### About this task
Note the line containing "Какая красотень!!! Сколько"; from it through the last line below, give only those lines again, exactly, both ends included, skipping pictures.

Data entries

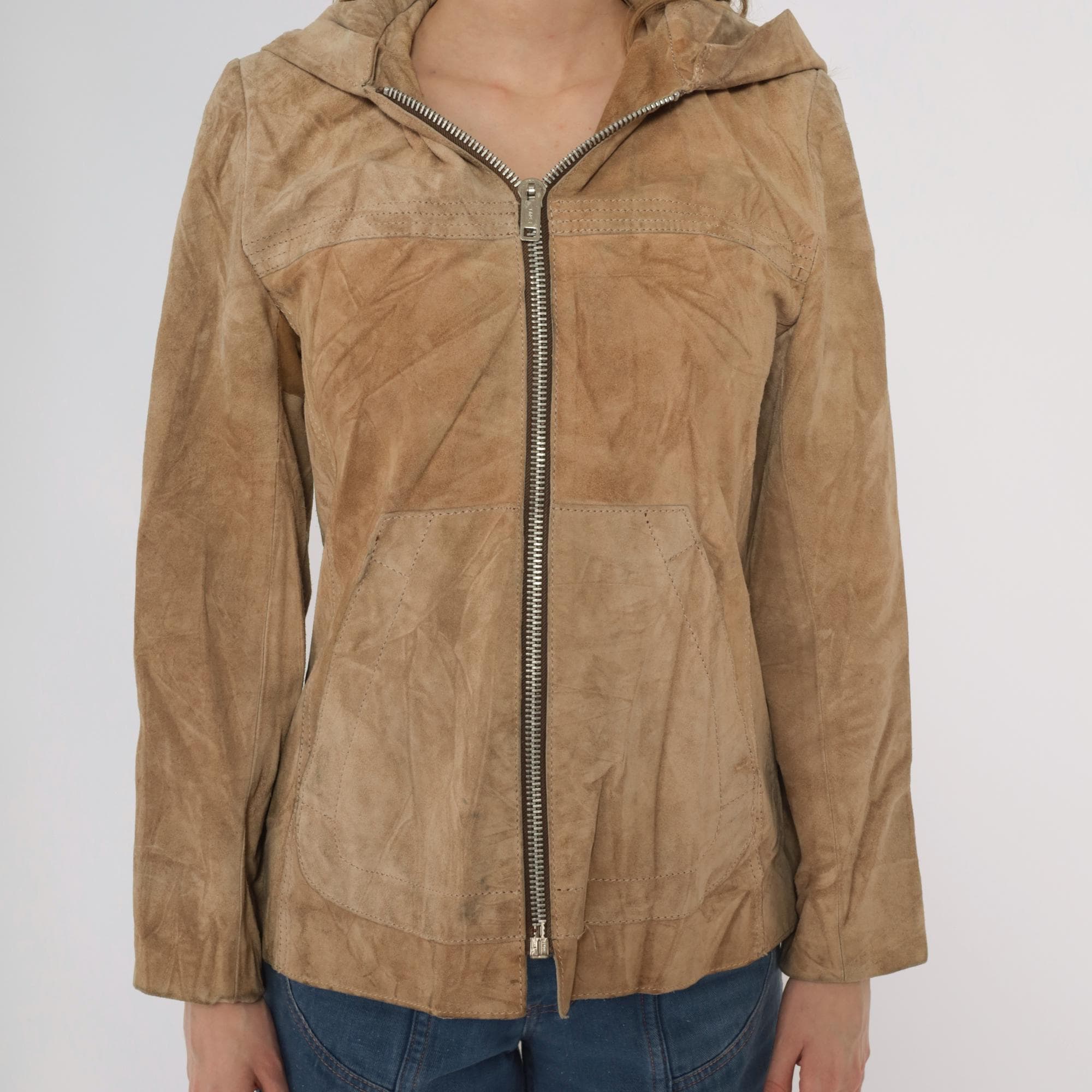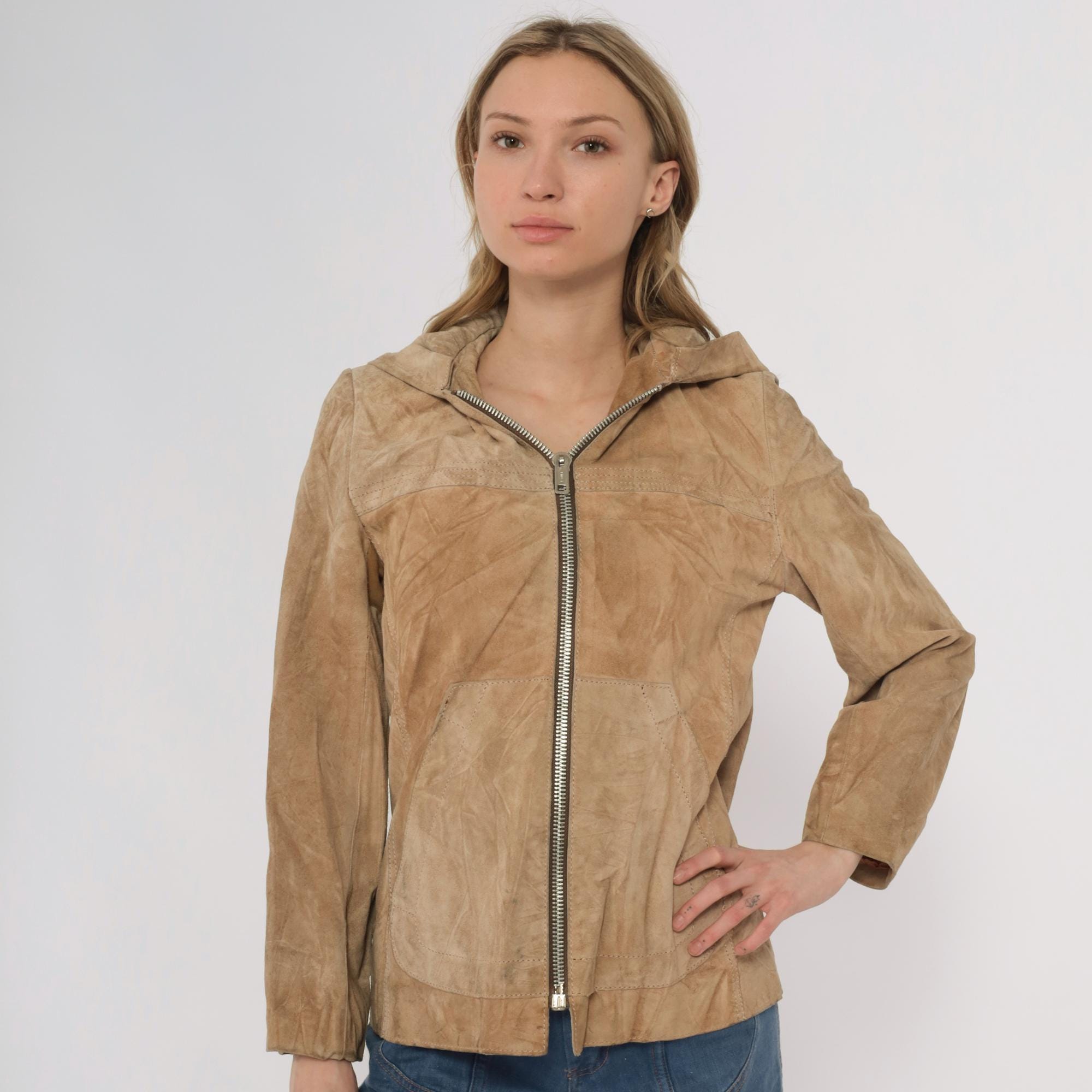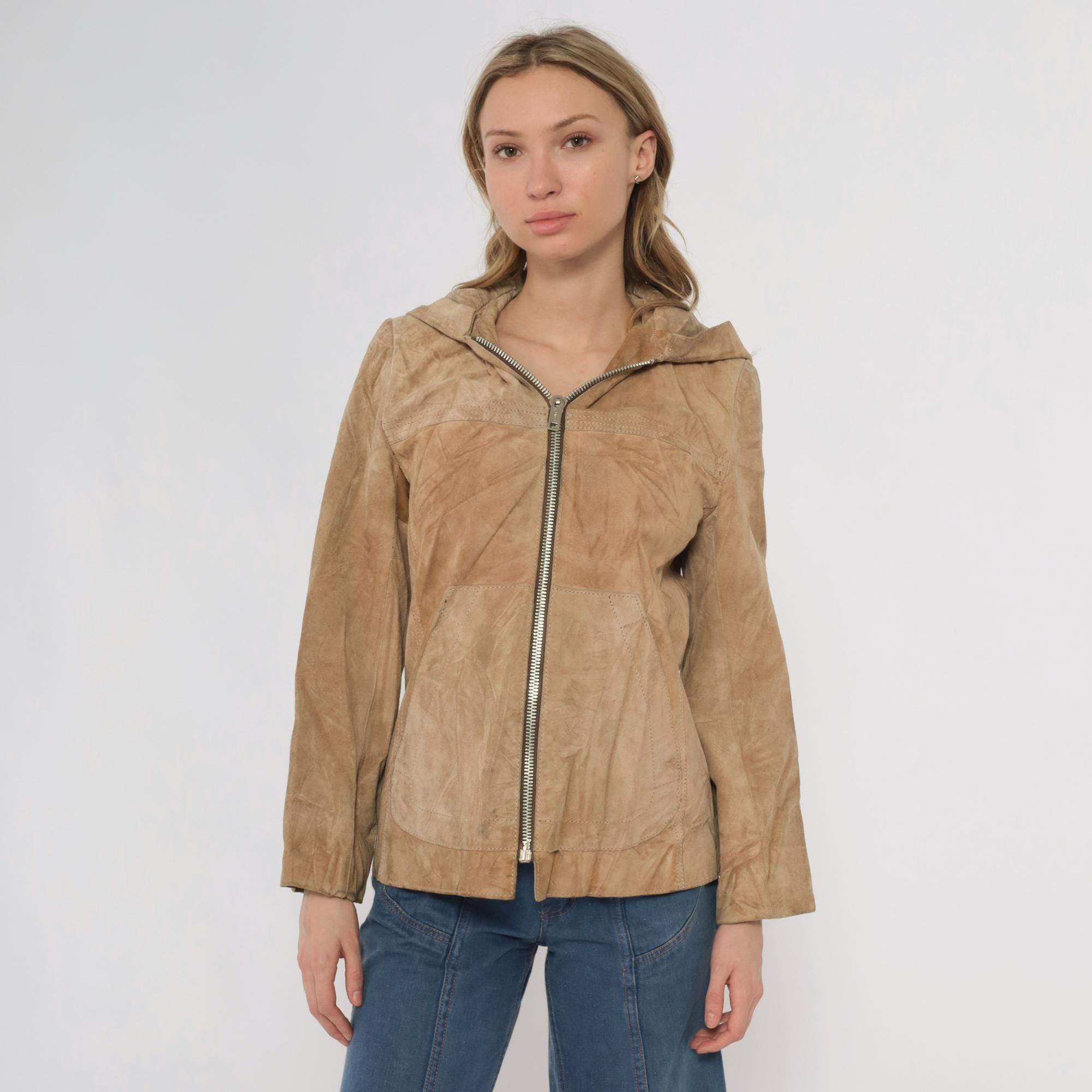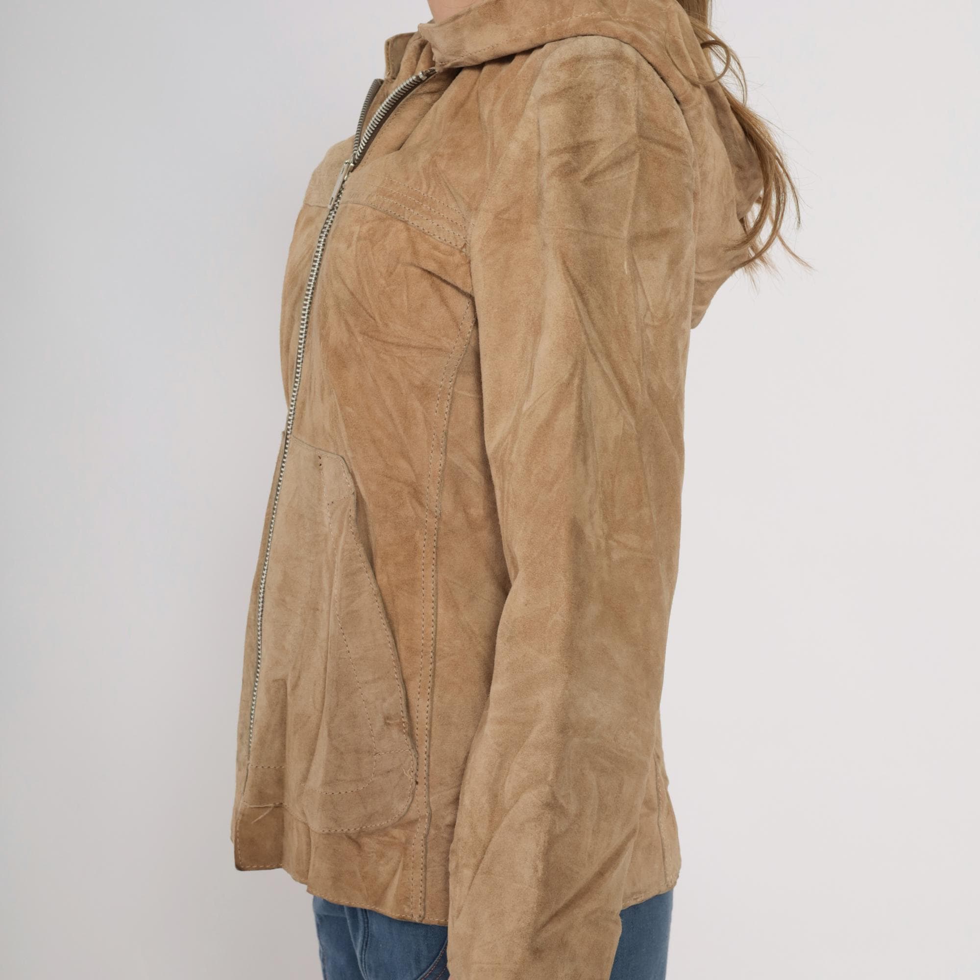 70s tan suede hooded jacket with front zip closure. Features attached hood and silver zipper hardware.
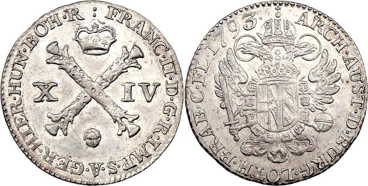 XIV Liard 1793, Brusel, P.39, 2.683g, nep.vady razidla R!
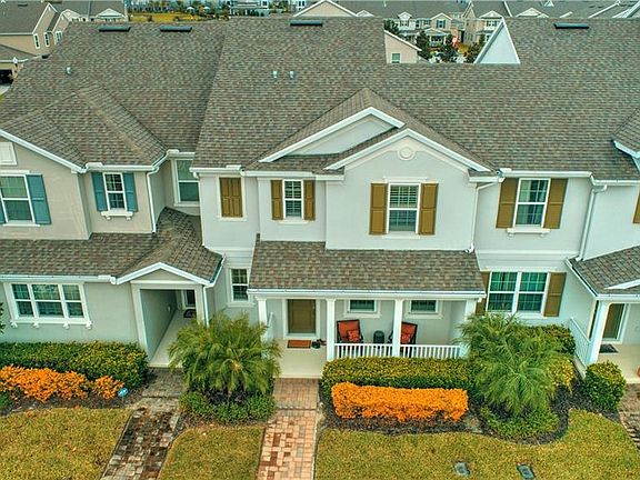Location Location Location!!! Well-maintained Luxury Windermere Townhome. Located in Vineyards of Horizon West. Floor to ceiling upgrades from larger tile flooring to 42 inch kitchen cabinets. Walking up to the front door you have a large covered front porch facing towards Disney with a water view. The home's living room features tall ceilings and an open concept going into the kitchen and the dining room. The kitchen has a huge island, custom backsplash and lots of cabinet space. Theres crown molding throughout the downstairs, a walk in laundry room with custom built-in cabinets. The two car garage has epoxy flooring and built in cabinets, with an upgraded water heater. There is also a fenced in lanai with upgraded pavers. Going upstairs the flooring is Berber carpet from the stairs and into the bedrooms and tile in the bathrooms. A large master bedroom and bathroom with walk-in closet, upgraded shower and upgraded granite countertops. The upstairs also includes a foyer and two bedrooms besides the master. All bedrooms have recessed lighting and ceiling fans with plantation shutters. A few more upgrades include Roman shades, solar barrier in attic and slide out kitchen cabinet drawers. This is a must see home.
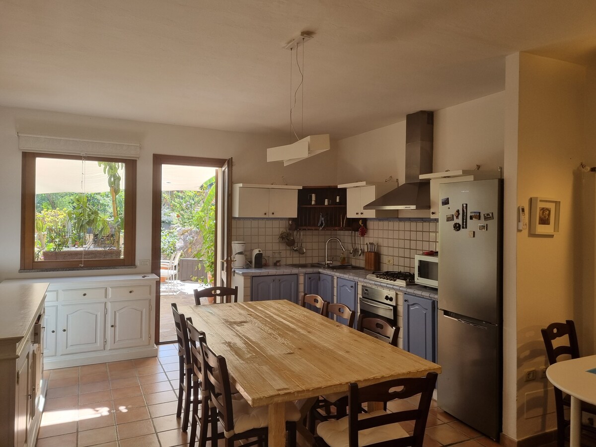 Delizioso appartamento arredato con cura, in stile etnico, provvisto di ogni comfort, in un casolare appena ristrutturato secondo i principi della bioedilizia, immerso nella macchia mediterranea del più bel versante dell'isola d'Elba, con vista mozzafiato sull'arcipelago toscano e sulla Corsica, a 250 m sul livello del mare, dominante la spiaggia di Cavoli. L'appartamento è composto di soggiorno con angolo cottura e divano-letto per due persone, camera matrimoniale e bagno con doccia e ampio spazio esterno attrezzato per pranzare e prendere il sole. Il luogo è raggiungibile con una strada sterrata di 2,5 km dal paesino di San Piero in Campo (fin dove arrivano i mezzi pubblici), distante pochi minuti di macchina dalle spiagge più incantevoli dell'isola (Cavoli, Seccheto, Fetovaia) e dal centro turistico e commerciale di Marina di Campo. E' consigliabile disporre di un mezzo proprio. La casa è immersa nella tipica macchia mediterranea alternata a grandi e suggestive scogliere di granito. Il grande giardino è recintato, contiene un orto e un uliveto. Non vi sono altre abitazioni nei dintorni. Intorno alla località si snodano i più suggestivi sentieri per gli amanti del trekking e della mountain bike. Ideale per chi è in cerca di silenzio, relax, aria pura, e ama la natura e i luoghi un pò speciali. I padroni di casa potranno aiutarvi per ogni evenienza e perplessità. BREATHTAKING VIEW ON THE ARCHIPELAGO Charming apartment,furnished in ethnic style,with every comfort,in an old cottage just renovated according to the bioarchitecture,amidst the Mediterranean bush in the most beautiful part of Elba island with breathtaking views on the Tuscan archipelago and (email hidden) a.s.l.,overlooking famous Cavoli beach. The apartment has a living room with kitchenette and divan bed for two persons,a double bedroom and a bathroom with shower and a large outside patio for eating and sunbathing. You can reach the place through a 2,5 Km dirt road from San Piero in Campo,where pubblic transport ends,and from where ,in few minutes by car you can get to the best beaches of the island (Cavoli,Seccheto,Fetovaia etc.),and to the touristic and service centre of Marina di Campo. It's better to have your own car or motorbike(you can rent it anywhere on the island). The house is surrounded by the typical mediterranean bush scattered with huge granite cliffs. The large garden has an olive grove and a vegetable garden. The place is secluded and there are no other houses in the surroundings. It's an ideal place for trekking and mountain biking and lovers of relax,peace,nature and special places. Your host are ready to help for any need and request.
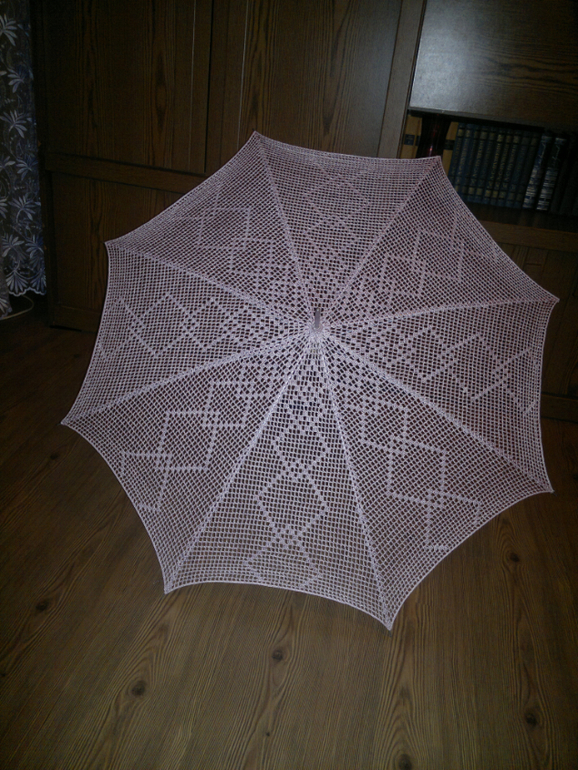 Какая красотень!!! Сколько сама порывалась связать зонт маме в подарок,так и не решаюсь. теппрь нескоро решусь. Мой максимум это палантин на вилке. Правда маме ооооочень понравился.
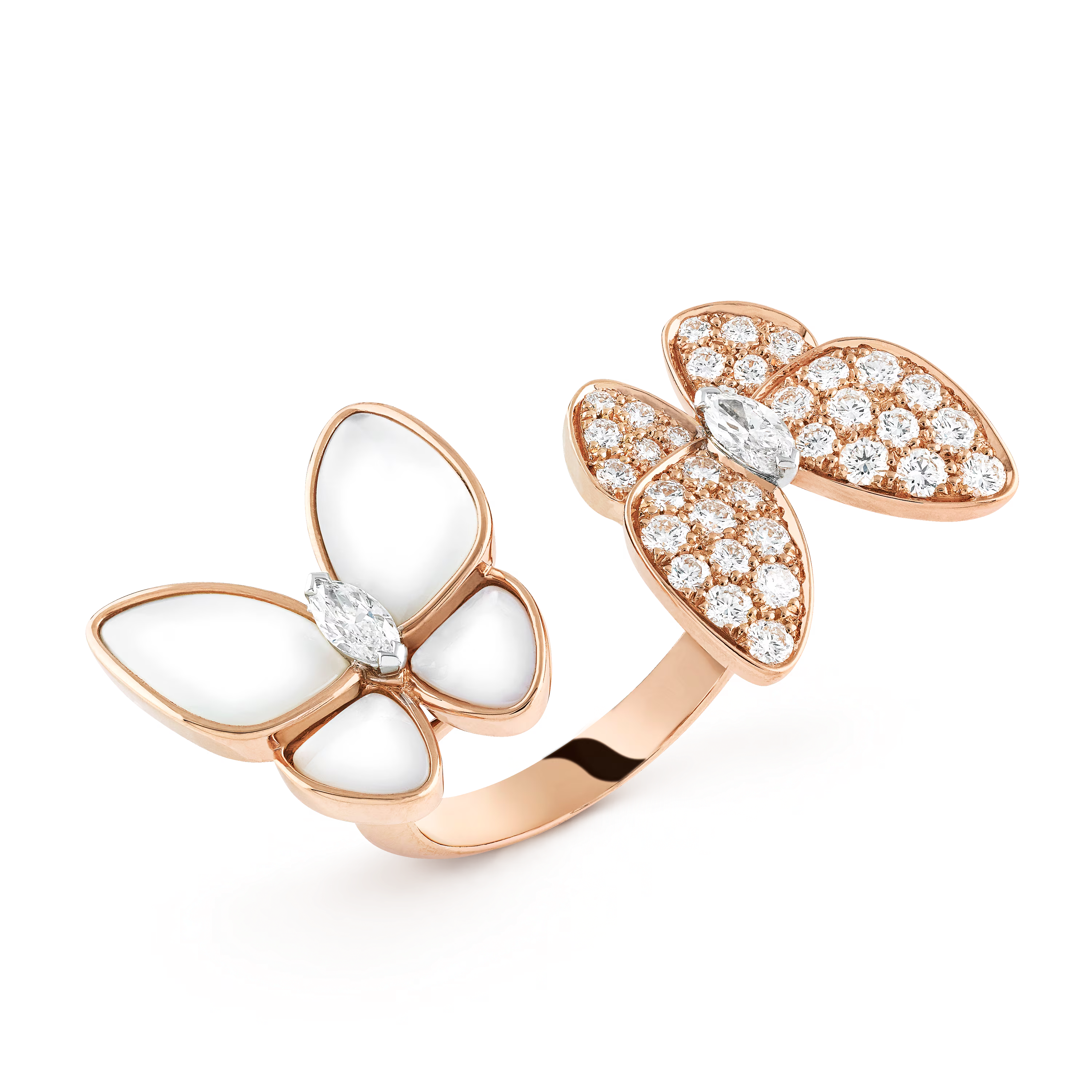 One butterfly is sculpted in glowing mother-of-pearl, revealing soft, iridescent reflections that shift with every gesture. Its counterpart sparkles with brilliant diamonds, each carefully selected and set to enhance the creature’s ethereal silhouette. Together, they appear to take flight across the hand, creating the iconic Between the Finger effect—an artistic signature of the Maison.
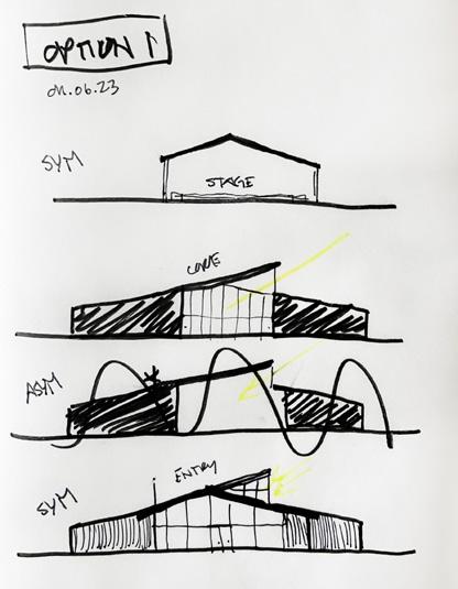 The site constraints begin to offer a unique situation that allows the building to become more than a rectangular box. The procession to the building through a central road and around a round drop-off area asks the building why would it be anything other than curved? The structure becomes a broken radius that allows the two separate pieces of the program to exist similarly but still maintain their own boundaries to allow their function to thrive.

### Response below
 Какая красотень!!! Сколько сама порывалась связать зонт маме в подарок,так и не решаюсь. теппрь нескоро решусь. Мой максимум это палантин на вилке. Правда маме ооооочень понравился.
 One butterfly is sculpted in glowing mother-of-pearl, revealing soft, iridescent reflections that shift with every gesture. Its counterpart sparkles with brilliant diamonds, each carefully selected and set to enhance the creature’s ethereal silhouette. Together, they appear to take flight across the hand, creating the iconic Between the Finger effect—an artistic signature of the Maison.
 The site constraints begin to offer a unique situation that allows the building to become more than a rectangular box. The procession to the building through a central road and around a round drop-off area asks the building why would it be anything other than curved? The structure becomes a broken radius that allows the two separate pieces of the program to exist similarly but still maintain their own boundaries to allow their function to thrive.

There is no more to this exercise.